And the key question was… um… While we’re on that subject… Can anybody explain to me why those political maps always colour the conservatives red and the liberals blue? It’s very confusing to a foreigner since just about everywhere else in the world, red is associated with the left or progressive side and blue with the Tory or conservative side.

Remember that great movie from the Reaganite ’80s? It was Red Dawn, not Blue Dawn. But I digress…

And the key question was: what were those red ferals doing at the high mana end of the scale? I had my doubts that there could be so many toons carrying mismatched specs and gear. But I’ve been convinced that, yes, there is something not quite right there. A simple filter that drops those toons in the sample with significant spellpower gear basically makes the red cluster disappear.

Now that might not sound like progress – ending up with one cluster – but don’t forget that the power of these datamining algorithms is that they cluster in multiple data “dimensions”. To the eye, there is one cluster, because we are drawing the graph in two “dimensions”: health and mana.

But as soon as we add some talent and glyph dimensions, the big blue blob starts to break up into separate clusters. And this time, there is a good match between the talents and glyphs that we expect to distinguish cats from bears and the actual location of each cluster in the multi-dimensional space.

But it’s a whole lot easier to show you than to tell you, so I’ll leave you with a simple illustration of how that all works. We can add a third dimension to the graph by using colour. The datamining packages that I’m playing with are very good at that sort of visualization, as you can see here.

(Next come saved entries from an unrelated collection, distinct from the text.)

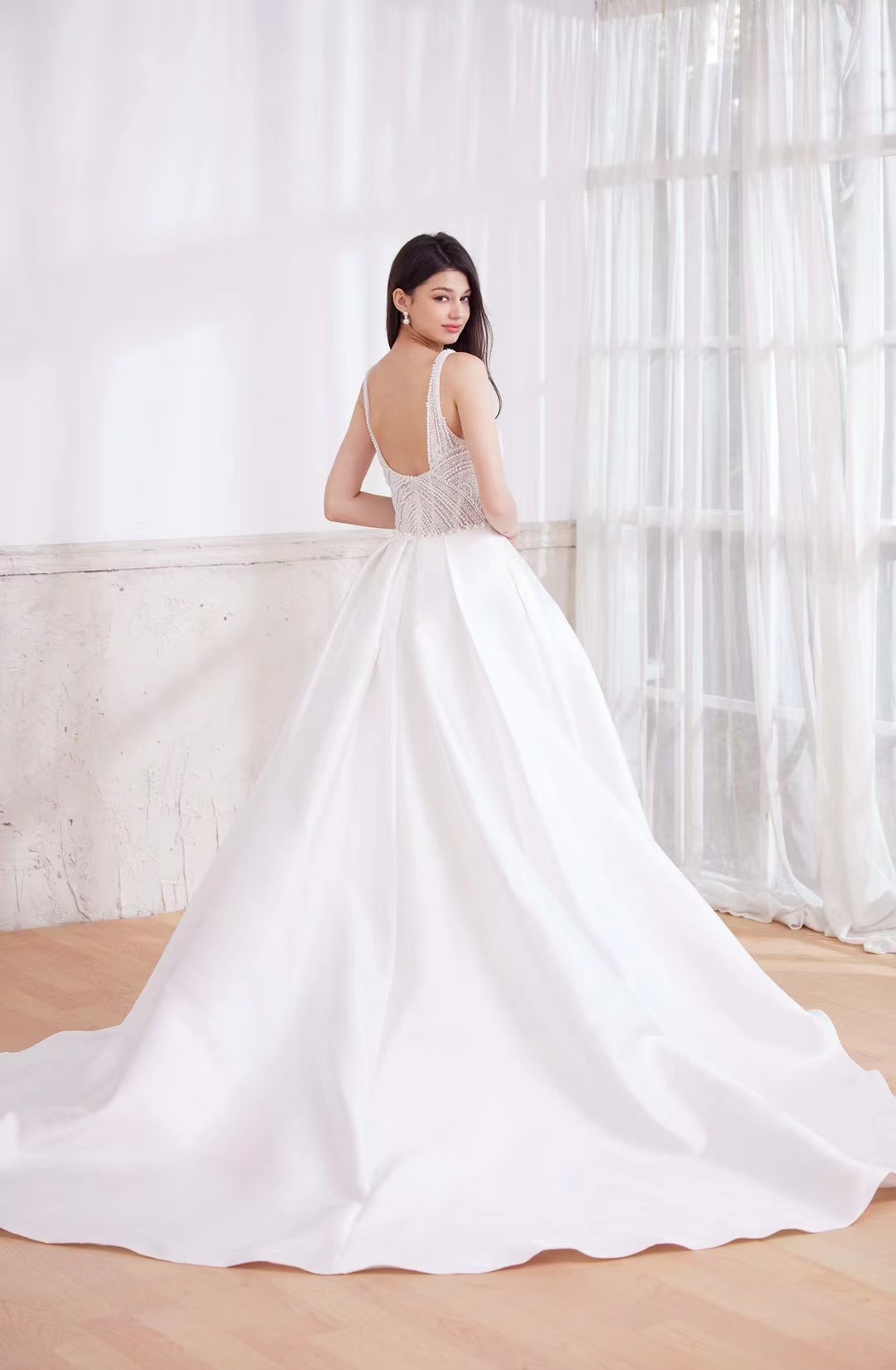 Luxury Model Sexy Beading Stain A Line Wedding Dress MO004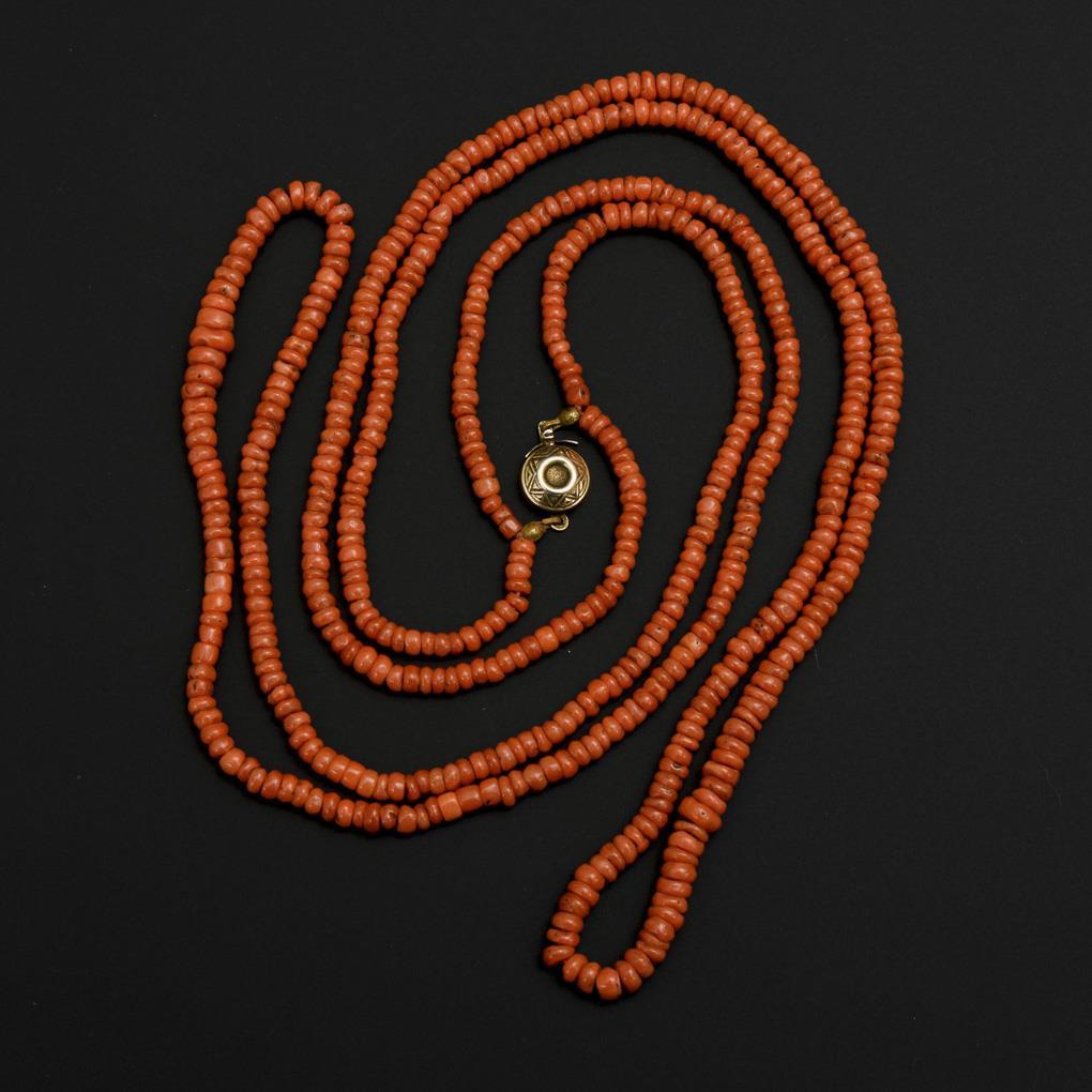 Lacing chains with coral discs on decorative lock. Lock coral missing.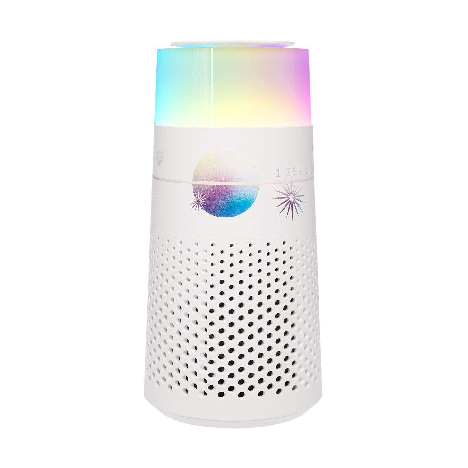 Мини-очиститель воздуха с радужной LED-подсветкой. Высококачественный фильтр с тройной системой фильтрации в сочетании с высокоскоростным вентилятором очищают воздух, поглощая и фильтруя различные загрязнители через гладкую аэродинамическую трубу. Освежение воздуха за несколько минут.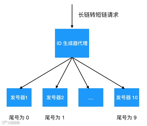 用 Redis 是个不错的选择,性能好,单机可支撑 10 w+ 请求,足以应付大部分的业务场景,但有人说如果一台机器扛不住呢,可以设置多台嘛,比如我布置 10 台机器,每台机器分别只生成尾号0,1,2,... 9 的 ID, 每次加 10 即可,只要设置一个 ID 生成器代理随机分配给发号器生成 ID 就行了。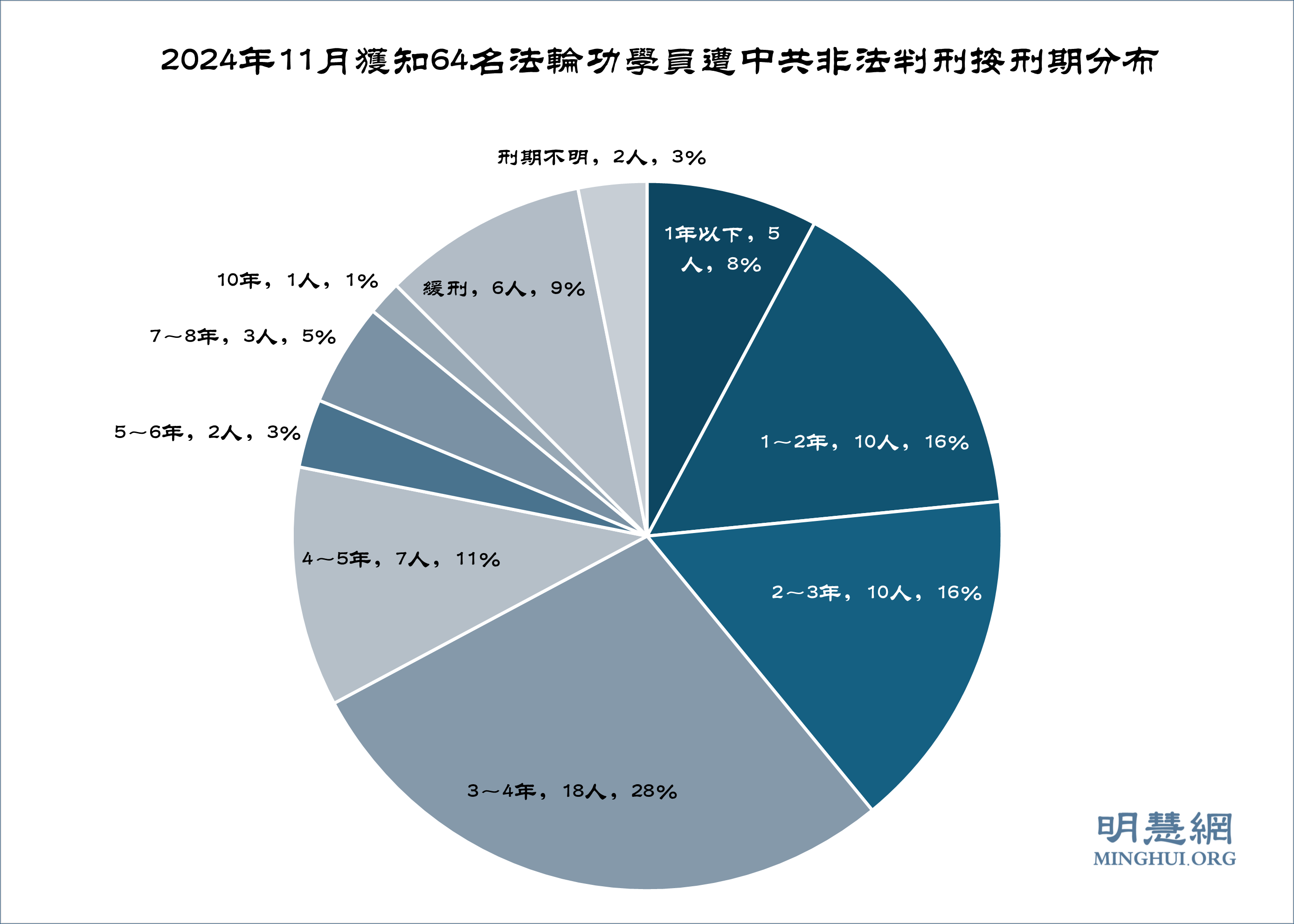 ![]() 图2:2024年11月获知64名法轮功学员遭中共非法判刑按刑期分布 |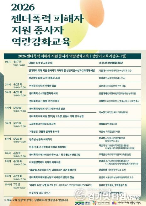 [경기핫타임뉴스=김삼영 기자] 경기도와 경기도젠더폭력통합대응단이 17일 도내 젠더폭력 피해 지원 현장 종사자들의 전문성 향상을 위한 ‘2026 역량강화 교육’ 상반기 과정을 시작하며 현장 대응력 강화에 나섰다.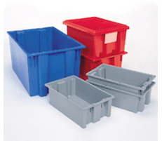 NST's stack with or without lids for dense storage and shipping, and nest when empty. Strong, high-density polyethylene will not rust, corrode or bend out of shape even when fully loaded. Heavy-Duty construction provides a longer service life, resulting in lower replacement costs.

With the spellpower toons gone, the high mana group has also mostly gone  and the shape of the blue cluster has become clearer as the graph scale has changed. Then we overlay, say, a cat glyph:

Feral Druids with Glyph of Shred

and a bear glyph:

Feral Druids with Glyph of Maul

and the clusters within the cluster become pretty clear. Thanks again to Narkondas for the key clues that inspired those graphs.

The datamining algorithms will generate a count of the toons in each cluster, but I’ll leave that till the next post. But as you can imagine, with a big clump of ferals filtered out, then the percentage of bear tanks in the overall mix is getting smaller.

I should also say that I’m about to collect a new data set and update my armoury reports since the data is getting a bit old and stale. As usual that will take a week or so.

practical cats

July 10, 2010

Thanks to various people for input on that last post. I’m still happy that the blue cluster represents the feral druid bear tanks. Characters in that cluster are stacking all the stats recommended by the various bear tanking blogs, including agility.

But I’m happy to admit that the red cluster is more of a mystery – something at least partly to do with cat form, but there are some oddities there.

All the druids in the sample are feral druids – the balance and resto ones were all filtered out in the database query. Undoubtedly there are druids with two specs who forget to swap gear when they swap specs, but could there really be so many? Those two clusters are pretty dense – to me they represent lots of players following a standard pattern rather than something that could be the result of  mistakes.

I’ve got a lot more charts to post on this question, but I see from the comments that I haven’t quite selected all the right stats. Let me fix that on Monday and we’ll have another look at what’s going on.

UPDATE: More interesting comments. Thanks all. Unfortunately RL affairs are diverting me for the next couple of days but I’ll get back to it as soon as I can.

Just briefly but:

I have done an analysis of talent distribution and yes, they seem to be very poor predictors of rading roles.

I agree that the red cluster may represent hybrid behaviour and I suspect now that there is possibly no way to get a sense of how many players heavily lean towards cat over bear.

Thnks especially to Narkondas who pointed out something that I hadn’t properly considered. I talked about the blobs representing players who were “stacking” certain stats. But that has to be proved; it is not a starting point. The mana available to the red blob toons may simply be the default mana values granted by the gear etc that the toon is wearing. Unfortunately the armoury picture is static and doesn’t replace mana with energy when the toon is in cat form (otherwise we’d have a foolproof way of counting cats).

UPDATE 2: D’Oh! Yes there is an error in the talents data. The database query was picking up some talents from the inactive spec. Thanks to Narkondas for spotting that. I’ve replaced the files in the previous post with corrected versions. Every entry now adds up to 71 points or less. Also I’ve now become convinced that all those high spellpower/high mana toons really are running with gear that is not ideal for feral builds – either by accident or by design. So I’ve added a spellpower column into the talents data to see if we can see any patterns there. Or the spellpower column can be used to filter out those toons that are um… trying to subvert the dominant feral paradigm…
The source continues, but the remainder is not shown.